= Visa policy of Burundi =

Policy on permits required to enter Burundi

Visitors to Burundi may obtain either a visa on arrival or an Online Visa unless they are citizens from one of the visa-exempt countries.

==Visa policy map==

Visa policy of Burundi

==Visa exemption==
===Ordinary passports===
Citizens of the following countries may enter Burundi without a visa for the following period:

3 months
| *Democratic Republic of Congo^{1} *Kenya *Rwanda^{1} | *South Sudan *Tanzania *Uganda | |
14 days *Hong Kong

_{1 – Also for Economic Community of the Great Lakes Countries laissez-passer holders.}

===Non-ordinary passports===
Holders of diplomatic, official or service passports may enter Burundi without a visa for the following period:

90 days within any 180 days
| *Russia^{D S} | *Turkey^{D} | |
30 days
| *Brazil^{D O S} | *China^{D O S} | *Singapore^{D O S} | |

_{D - Diplomatic passports}

_{O - Official passports}

_{PA - Passports for public affairs}

_{S - Service passports}

===Future changes===
Burundi has signed visa exemption agreements with the following countries, but they have not yet been ratified or applied:

| Country | Passports | Agreement signed on |
|---|---|---|
| United Arab Emirates | All | 4 January 2019 |

==Visa on arrival==
Citizens of other countries and territories may obtain a visa on arrival
either at Bujumbura International Airport (Melchior Ndadaye) or at all land borders for a maximum stay of 30 days.

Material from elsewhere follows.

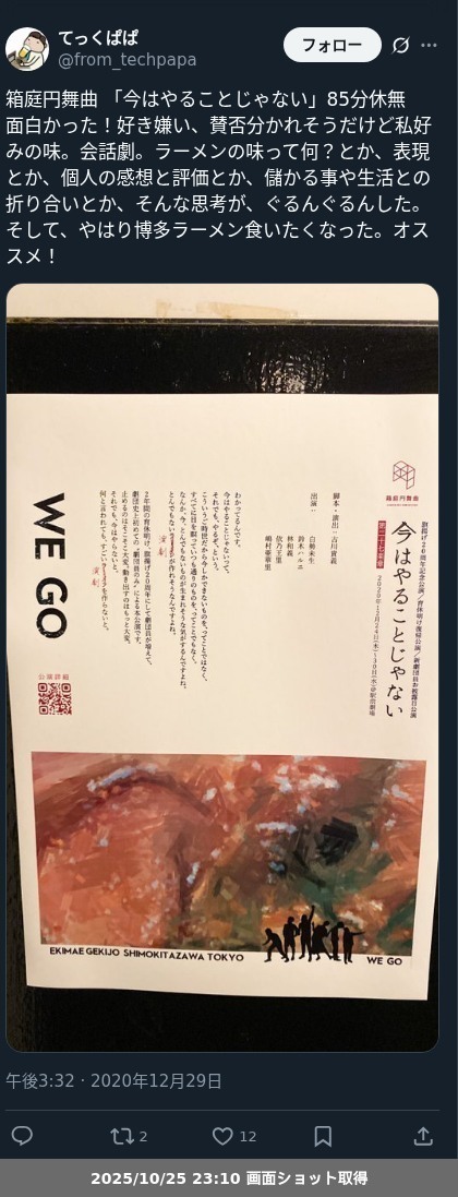 口コミだけで客が増える演劇に対する揶揄、それでも客を呼んで演劇を商売として成り立たせて食べていくことも大事かもしれない。スタッフワークを劇団外に依頼したりする事は、麺の自家製と同じで「こだわりがない」訳ではないはずだ。けれど、きっと外部に委託できない、劇団というラーメンの味を決定づける要素もあるのだろうと思う。

Visa applications may also be completed through the official website of the General Commissariat for Migration.

==Online Visa==
Citizens of other countries and territories may also obtain online visa good for multiple entries, fees can be paid in USD or Euro.

| Validity | Fee |
|---|---|
| 1 month | 90 USD |
| 2 months | 180 USD |
| 3 months | 270 USD |

==Transit==
Passengers with a confirmed onward ticket for a flight to a third country. They must stay in the international transit area of the airport and have documents required for the next destination.